**DIRECTIONS FOR THIS TASK:**
Take the records below from their first line through the line holding "La prima cosa", and set each of those lines down exactly, without pictures.

------ EXTRACTED MATERIAL

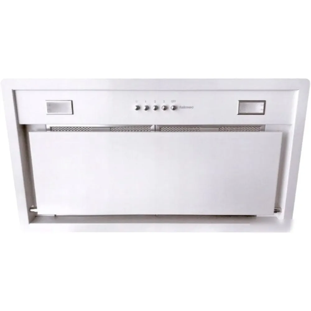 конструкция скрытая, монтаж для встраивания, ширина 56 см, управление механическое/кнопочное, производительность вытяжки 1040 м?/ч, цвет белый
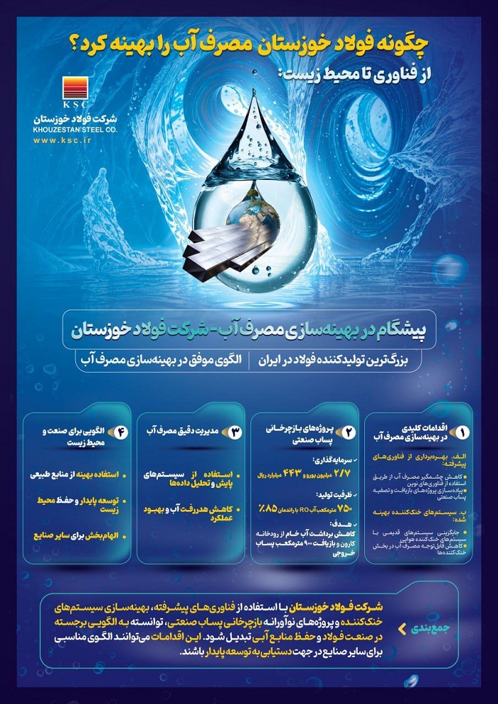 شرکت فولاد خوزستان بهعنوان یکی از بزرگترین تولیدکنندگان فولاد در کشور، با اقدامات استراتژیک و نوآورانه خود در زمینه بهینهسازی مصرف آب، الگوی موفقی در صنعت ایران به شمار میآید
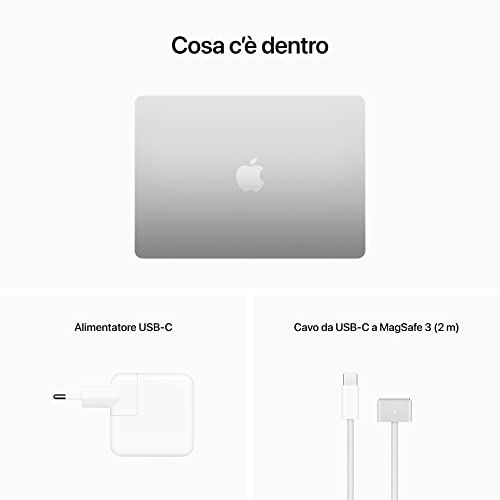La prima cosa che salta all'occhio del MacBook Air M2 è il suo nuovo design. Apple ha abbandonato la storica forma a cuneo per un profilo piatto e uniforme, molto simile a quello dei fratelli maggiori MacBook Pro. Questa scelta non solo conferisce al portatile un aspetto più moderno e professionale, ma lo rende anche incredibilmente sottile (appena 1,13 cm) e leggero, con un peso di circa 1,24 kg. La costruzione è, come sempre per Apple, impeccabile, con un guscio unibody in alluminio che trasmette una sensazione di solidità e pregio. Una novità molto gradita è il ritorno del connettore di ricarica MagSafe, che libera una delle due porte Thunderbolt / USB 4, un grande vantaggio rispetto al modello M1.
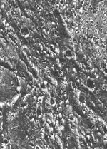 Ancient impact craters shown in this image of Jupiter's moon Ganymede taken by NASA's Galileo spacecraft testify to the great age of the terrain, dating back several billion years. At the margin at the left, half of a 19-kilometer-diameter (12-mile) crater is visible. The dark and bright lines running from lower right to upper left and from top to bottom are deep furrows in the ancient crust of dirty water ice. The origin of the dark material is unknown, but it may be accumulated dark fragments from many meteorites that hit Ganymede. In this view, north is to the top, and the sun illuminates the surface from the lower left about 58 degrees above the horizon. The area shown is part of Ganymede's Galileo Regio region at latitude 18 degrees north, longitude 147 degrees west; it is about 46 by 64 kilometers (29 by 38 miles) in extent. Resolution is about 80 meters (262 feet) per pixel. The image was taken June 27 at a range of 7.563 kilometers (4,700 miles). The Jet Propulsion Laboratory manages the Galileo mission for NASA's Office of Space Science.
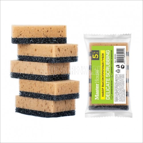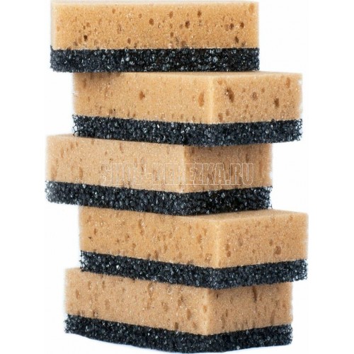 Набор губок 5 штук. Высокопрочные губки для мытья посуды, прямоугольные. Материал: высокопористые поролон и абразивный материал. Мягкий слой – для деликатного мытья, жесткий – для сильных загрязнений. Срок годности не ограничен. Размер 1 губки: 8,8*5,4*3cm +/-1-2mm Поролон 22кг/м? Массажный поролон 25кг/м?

------------

**OUTPUT FOR THIS TASK:**
 конструкция скрытая, монтаж для встраивания, ширина 56 см, управление механическое/кнопочное, производительность вытяжки 1040 м?/ч, цвет белый
 شرکت فولاد خوزستان بهعنوان یکی از بزرگترین تولیدکنندگان فولاد در کشور، با اقدامات استراتژیک و نوآورانه خود در زمینه بهینهسازی مصرف آب، الگوی موفقی در صنعت ایران به شمار میآید
La prima cosa che salta all'occhio del MacBook Air M2 è il suo nuovo design. Apple ha abbandonato la storica forma a cuneo per un profilo piatto e uniforme, molto simile a quello dei fratelli maggiori MacBook Pro. Questa scelta non solo conferisce al portatile un aspetto più moderno e professionale, ma lo rende anche incredibilmente sottile (appena 1,13 cm) e leggero, con un peso di circa 1,24 kg. La costruzione è, come sempre per Apple, impeccabile, con un guscio unibody in alluminio che trasmette una sensazione di solidità e pregio. Una novità molto gradita è il ritorno del connettore di ricarica MagSafe, che libera una delle due porte Thunderbolt / USB 4, un grande vantaggio rispetto al modello M1.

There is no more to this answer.